Western blotting is the most common assay to measure protein levels from cells and tissues. Standard western blots start with soluble proteins in a detergent-containing buffer. Normally, these proteins will be denatured by boiling and reducing agents (e.g. Beta-mercaptoethanol). Bis-tris westerns begin the same way, and, in fact, are completely identical to standard western blots, with a few major exceptions.
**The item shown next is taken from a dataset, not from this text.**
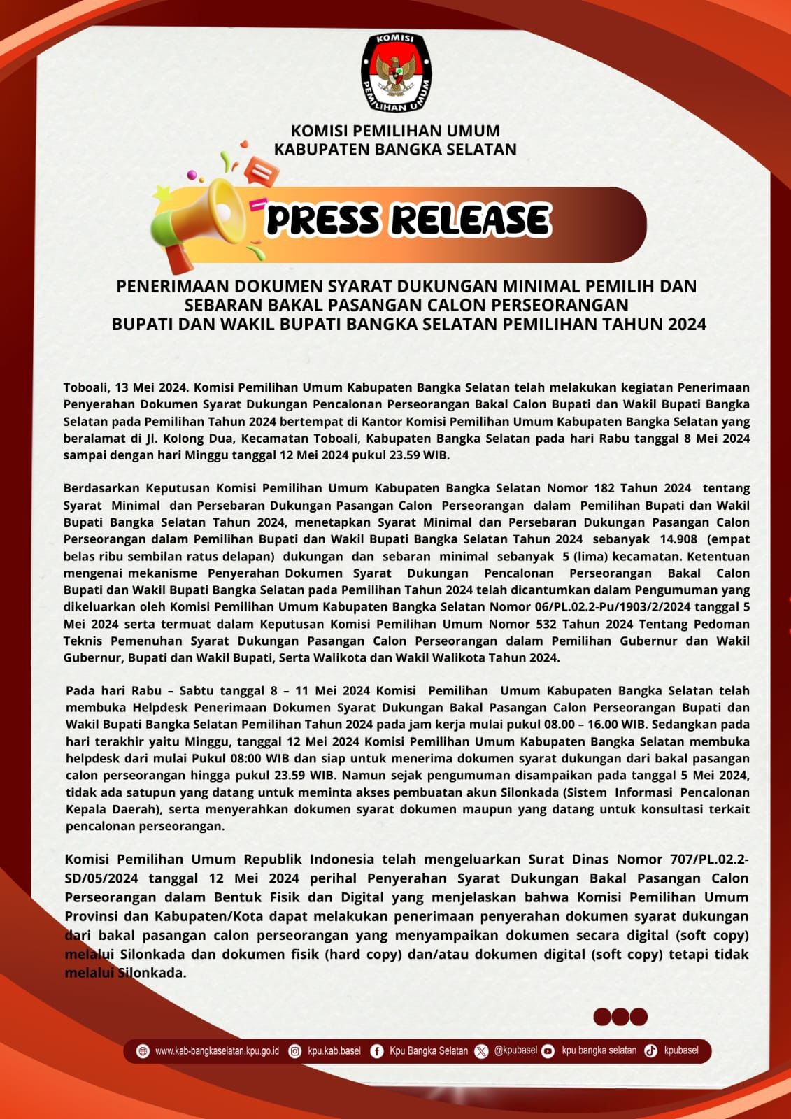 #TemanPemilih berikut kami umumkan Siaran Pers Penyerahan Dokumen Dukungan Bakal Pasangan Calon Perseorangan dalam Pemilihan Bupati dan Wakil Bupati Bangka Selatan Tahun 2024. Info selengkapnya Klik DISINI

First, the buffer used to make the gels is different. As you can probably guess from its name, bis-tris gels use bis-tris-HCl buffer, whereas traditional western blots use standard tris-HCl buffer. The second difference is that the stacking gel and resolving gel use the same buffer during bis-tris western blotting. In standard applications, the stacking gel is acidic (pH 6.8) and the resolving gel is basic (pH 8.8). For bis-tris westerns, the entire gel is run under acidic conditions at pH 6.8.
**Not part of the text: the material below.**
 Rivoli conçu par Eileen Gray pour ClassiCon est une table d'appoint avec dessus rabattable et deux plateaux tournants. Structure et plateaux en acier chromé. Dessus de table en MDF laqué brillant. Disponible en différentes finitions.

The acidic conditions of bis-tris westerns favor the reoxidation of proteins during electrophoresis. To compensate for this problem, a reducing agent (Sodium Bisulfite) is added to the running buffer at 2.5 mM concentration. Finally, the last major difference is the constitution of the running buffer. For bis-tris westerns, use a MOPS-SDS running buffer, in contrast to the traditional tris-glycine-SDS running buffer of standard western blots.
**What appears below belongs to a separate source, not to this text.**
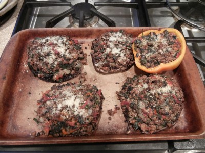 Carefully spoon stuffing mixture into/onto the mushroom caps (how much is in versus on will depend on how deep the original caps were). Make sure to mound it up well above the cap. Since I had enough stuffing for six (or more) mushrooms, but was only able to buy four, I also grabbed a bell pepper out of the fridge and stuffed it too! Lightly sprinkle the tops with sea salt, black pepper, and then a little almond meal (looks a bit like parmesan to the untrained eye).
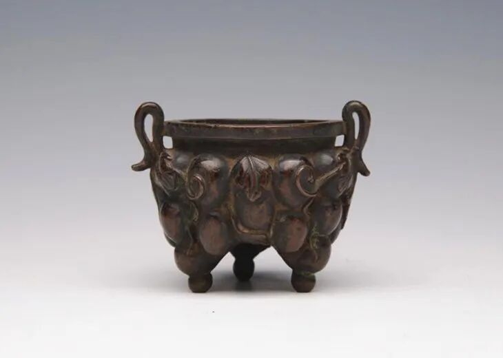 清葡萄纹三足铜香炉

A general breakdown of the bis-western protocol will be as follows:

• Cast your gels with bis-tris HCl pH 6.8 buffer at the desired acrylamide concetration (6-15%). It is best if you do this the night before you intend to run your gel. The best results are obtained when you allow the gel to polymerize overnight at 4 degrees Celsius.
• Boil and denature your samples.
• Make up MOPS-SDS running buffer containing 2.5 mM sodium bisulfite. Add the bisulfite fresh before the run.
• Run the gel at a constant voltage of 100V for approximately two hours. The run-time will vary depending on the concentration of the gel.
• Once the desired resolution is achieved, transfer the gel to a membrane using the traditional tris-glycine-SDS transfer buffer with 20% methanol.
• Let the gel sit in transfer buffer for 10 minutes prior to semi-dry transfer so that the MOPS-buffered gel equilibrates with the transfer buffer.
• Transfer at 15V for 45 minutes for 1 mm thick gels.
• Once the transfer is complete, block the membrane with either 5% bovine serum albumin in tris-buffered solution with tween-20 (TBST) or 5% milk in TBST for two hours.
• Incubate with your primary antibody for four hours to overnight
• Wash the primary antibody off and incubate with horseradish peroxidase-conjugated secondary antibody for one hour.
• Wash the secondary antibody off, immerse the western blot in Enhanced Chemiluminescence reagents, and expose it to film.

Bis-tris westerns are very reliable and reproducible. Consequently, they save you quite a bit of frustration, time, and productivity due to their superior consistency compared with regular western blots.